衆院選結果の出た12月17日の、いわば絶望の記事の最後に、
私は、『それでは第三の道はないのだろうか?』という問いを投げかけ、
それについて『私が小さな頭で精一杯に考えた、第三の道、というか、思いつくままの提言を
書いてみたいと思っています』と書きました。
それをぼちぼちやっていってみようと思います。

1.民主党改革

国民にとって、何が一番情けないでしょうか。
私はそれは、自民党の政治がよくないとわかっても、それを糺し得る、
自民党にNO!と言いうる政党が今、ない、ということなのではないかと思っています。
一強多弱の政治は、どのような結果を生むか、
いわゆる『決められる政治』がどんなに実は怖いものか、
国民の皆さんは今、身に染みて感じていらっしゃるのではないでしょうか。

ちょうど三年前、私はこんなつたない歌を詠んでみました。


受け皿無きを


今、振り返ってみれば、この頃はまだなんとましだったのだろうと思います。
私は、脱原発を望む人々の民意の受け皿がないということだけを嘆いていたからです。
脱原発のはっきりした意志と目標を掲げてくれた菅政権から、本質的には原発推進の
野田政権に変わったことを、激しく嘆いてはいたけれども、それでも、民主党の頃は、
まだ、国民の声を一応は掬いあげようという姿勢もわずかにでもあったし、何より、
あの頃は、私は、改憲の怖れがこのように目の前に近づいてこようとは思っていませんでした。

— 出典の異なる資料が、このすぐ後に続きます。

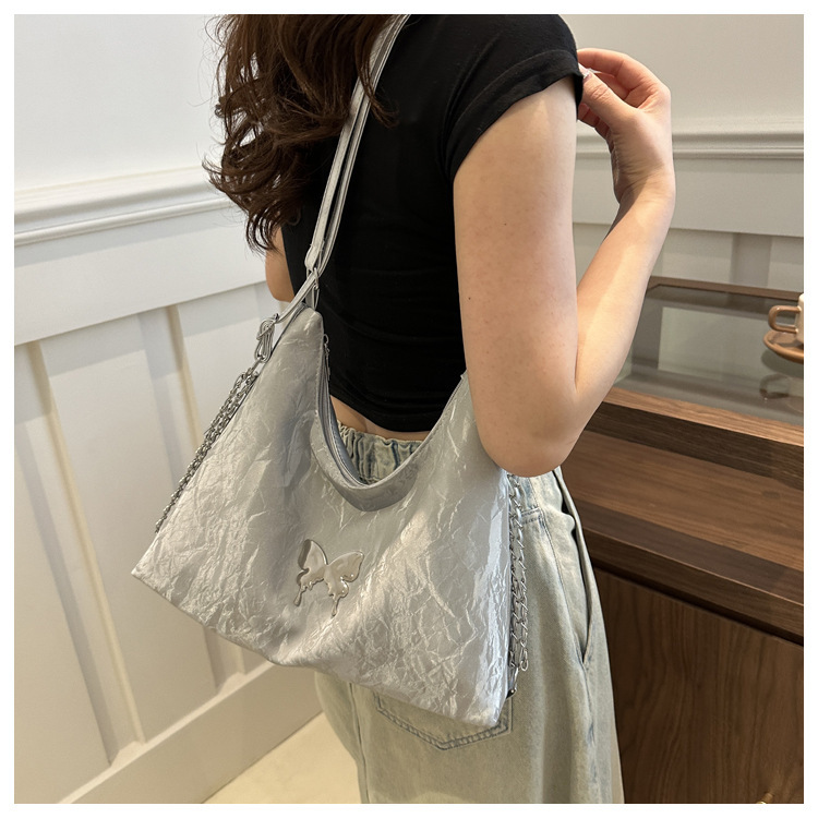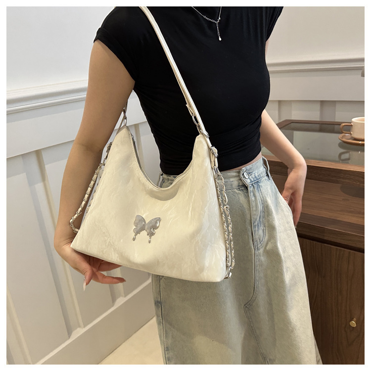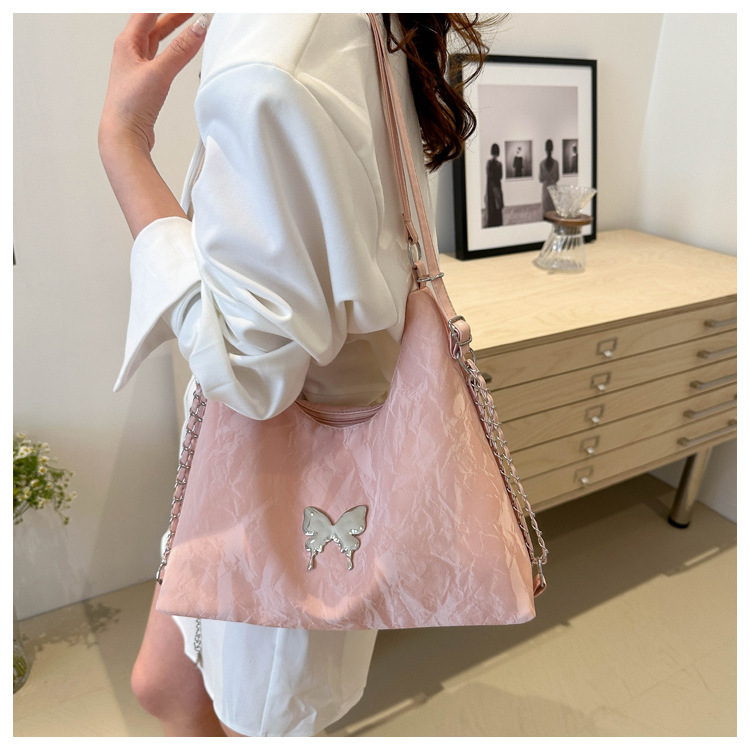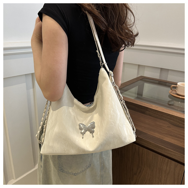 Большая емкость нежная текстура нишевого дизайна дикая бабочка сумка на плечо женская весна и лето сумка на плечо Тотельная сумка 2025
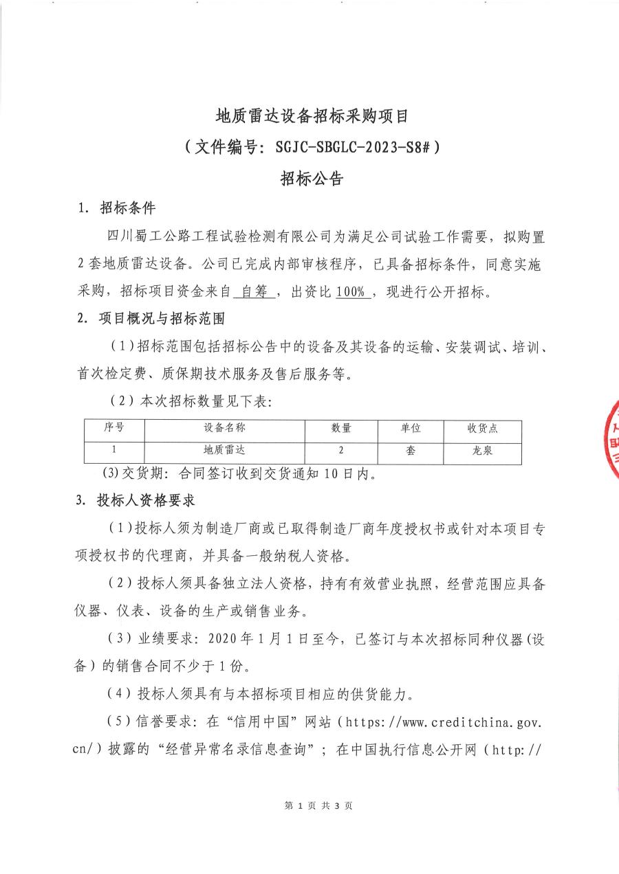 地质雷达设备招标采购项目(编号:SGJC-SBGLC-2023-S8#)招标公告

『税と社会保障の一体改革』というものも、胡散臭いとは警戒しつつも、それが
自民党政権によって、このように社会保障の部分は切り捨てられ税制の改革だけが…
それも、大企業や資産家など富者のためになる改革だけがあからさまに行われる
今のような形のものに堕してしまおうとは思っていませんでした…
沖縄の普天間基地の辺野古への移転が、あのように沖縄の反対する人々を
実力行使で排除して強制的に工事再開へ突き進もうとは、
しかも、沖縄県知事に首相も官房長官も会わない、振興費はあからさまにカットする、などという
暴虐な政治が行われようとは思ってもみませんでした…
何よりも、閣議決定というようなもののみによって憲法の根幹をなし崩しにし、集団的自衛権
行使を可能にしてしまうような国民無視の手法がまかり通るなどとは思ってもみませんでした…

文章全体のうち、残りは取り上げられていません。